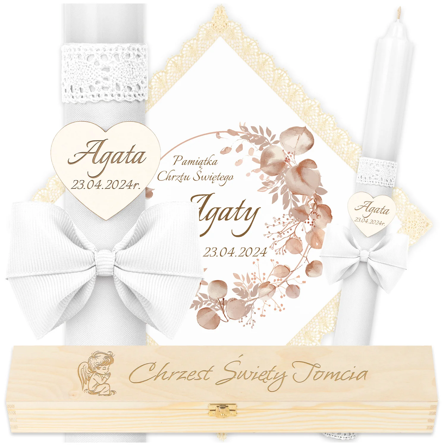 Świeca i kremowa szatka na chrzest + Pudełko do Chrztu C76S55P11/20
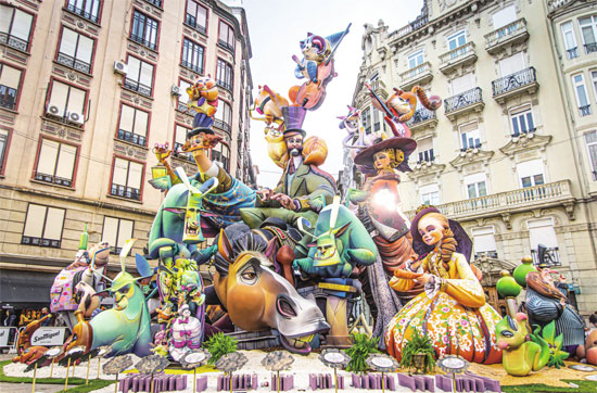 3月19日,西班牙瓦伦西亚,民众庆祝传统节日法雅节。每年,西班牙在3月15日至19日间庆祝法雅节,有烟花秀、游行、献花等活动,庆祝的高潮是在午夜焚烧节庆人偶。
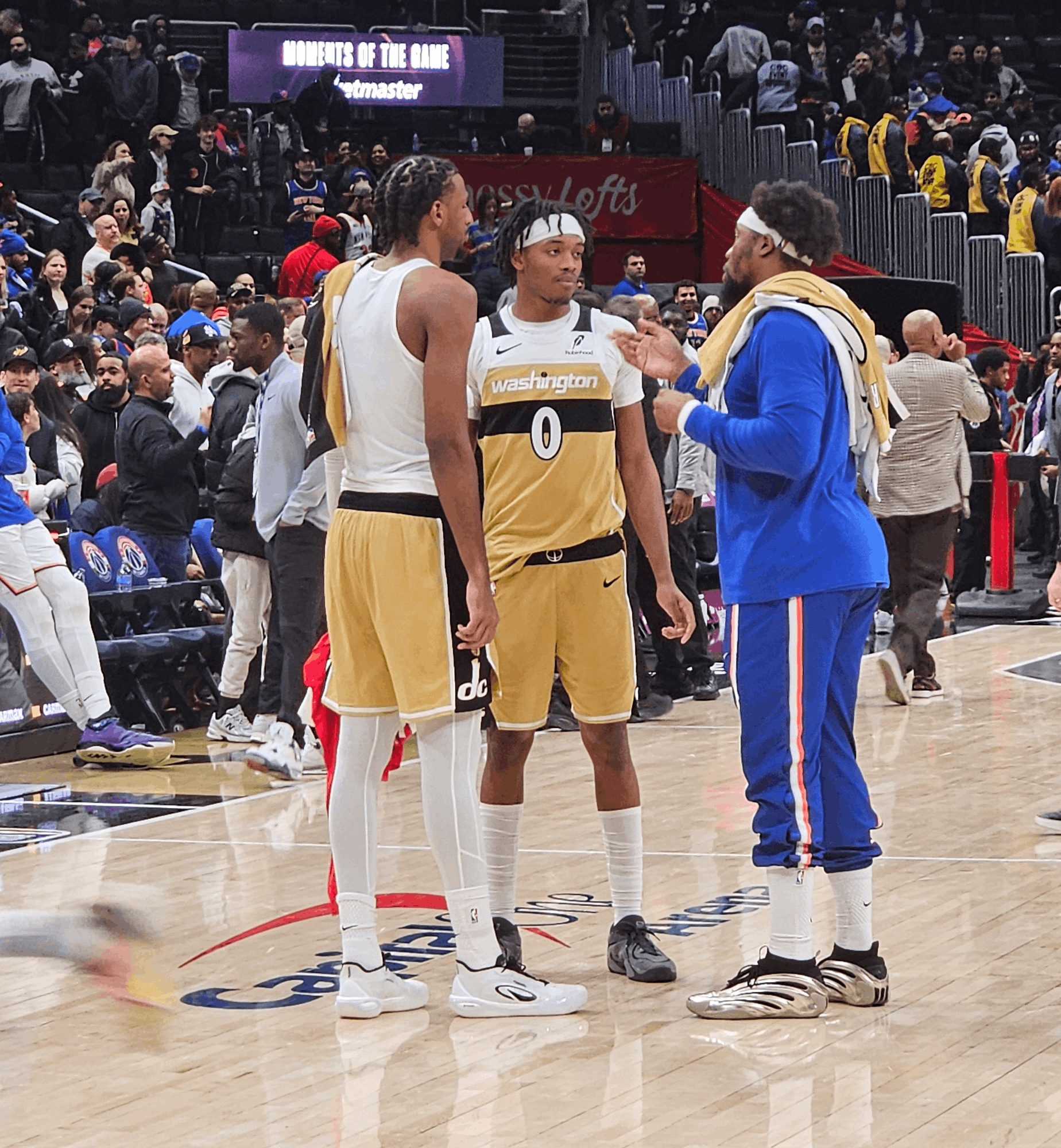 Mais pas de quoi entamer la bonne humeur de “l’ours dansant”, qui avait le sourire dans le vestiaire visiteurs de la Capital One Arena, et échangeait des blagues avec ses coéquipiers Ariel Hukporti, Mikal Bridges ou Karl-Anthony Towns. C’est avec cette attitude qu’il s’est présenté à notre micro pour une interview exclusive en français à BeBasket. L’occasion de parler des sujets sensibles forcément, mais aussi de sa relation avec ses coéquipiers Mohamed Diawara et Pacôme Dadiet, ainsi que ses adversaires du soir Alexandre Sarr, Bilal Coulibaly et Tristan Vukcevic.
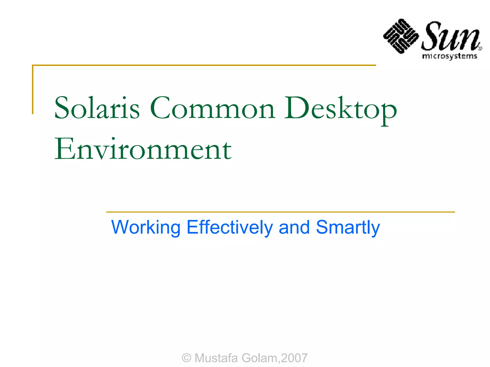 The document provides instructions on how to use the Common Desktop Environment (CDE) on Solaris. It describes how to perform common tasks like running applications, using windows and menus, customizing workspaces, and getting help. The document also explains how desktop sessions work, including how to start and end a session, lock the display, or start a command-line session instead of the regular desktop environment.
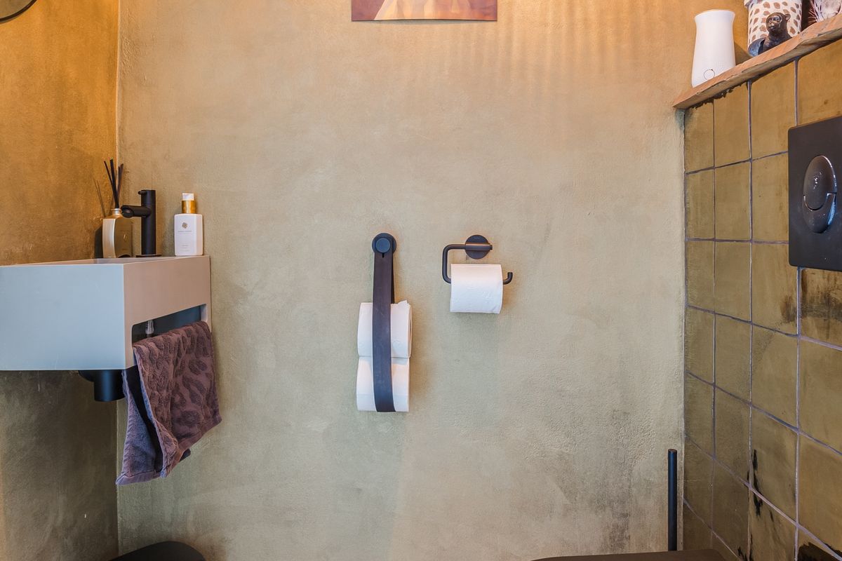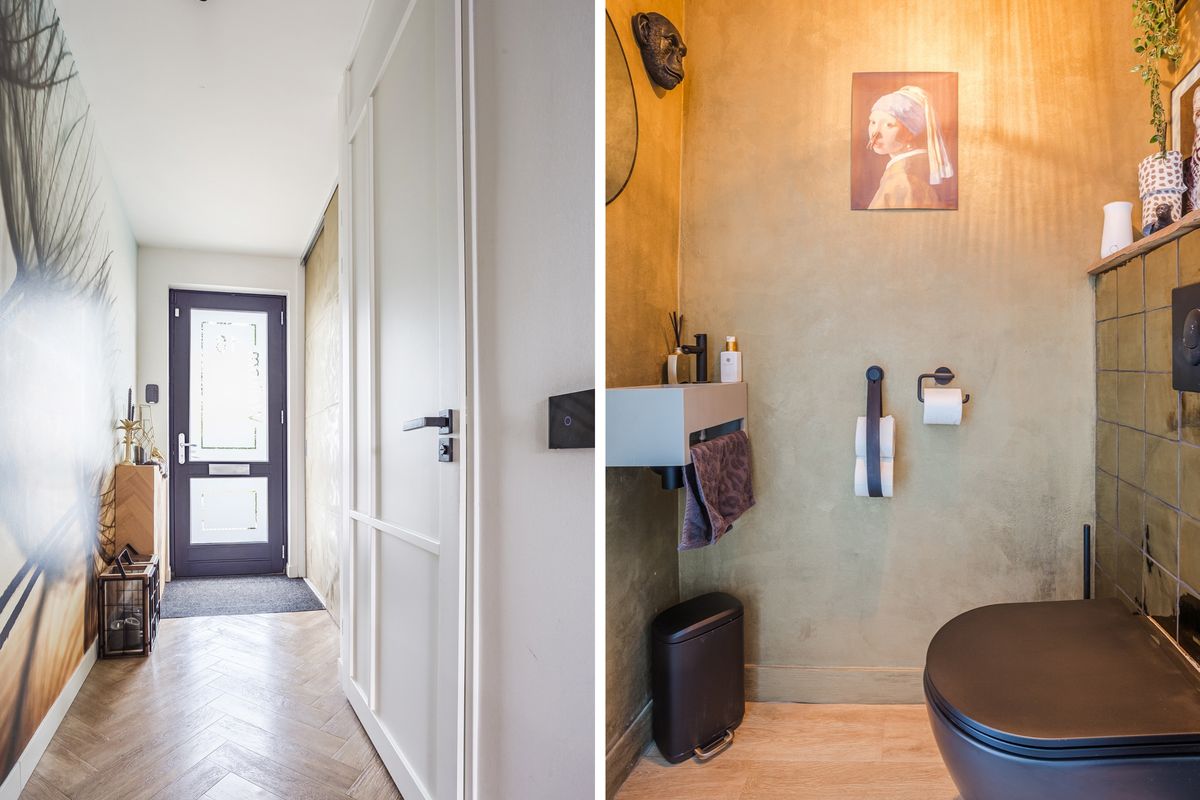 Hier vind je links achtereenvolgens een op maat gemaakte inbouwkast, een separate toiletruimte (met vrij hangend toilet en fonteintje) en de trapopgang.
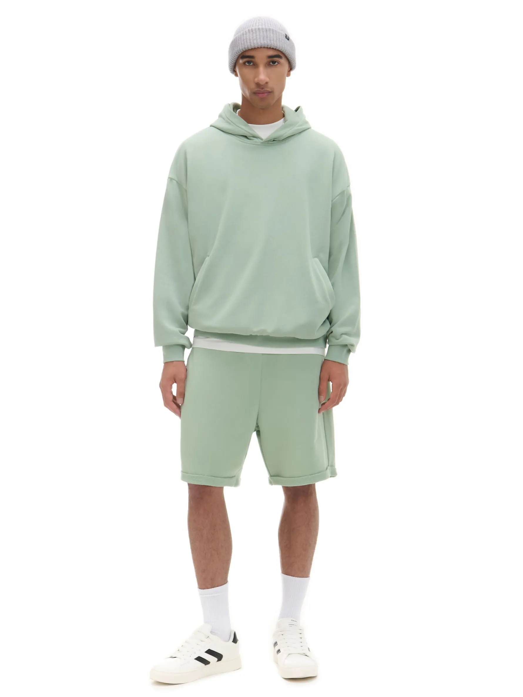 Męska dresowa bluza, zakładana przez głowę. Uszyta z miękkiej, miłej w dotyku dzianiny zawierającej bawełnę. luźny krój obniżona linia ramion miękki kapur dół i rękawy wykończone ściągaczem dwie kieszenie z przodu Wzrost modela: 185 cm
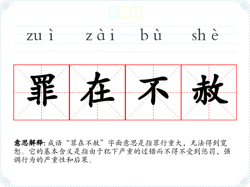 - 同义成语:罪不可赦、罪无可恕。它们都强调了对严重过错的不可宽恕性。

================

BRIEF | Repeat verbatim the lines from the one with "Męska dresowa bluza, zakładana" through the end of the listing above. Include both ends, add nothing, and exclude the pictures.

ANSWER FOR THIS EXERCISE |
 Męska dresowa bluza, zakładana przez głowę. Uszyta z miękkiej, miłej w dotyku dzianiny zawierającej bawełnę. luźny krój obniżona linia ramion miękki kapur dół i rękawy wykończone ściągaczem dwie kieszenie z przodu Wzrost modela: 185 cm
 - 同义成语:罪不可赦、罪无可恕。它们都强调了对严重过错的不可宽恕性。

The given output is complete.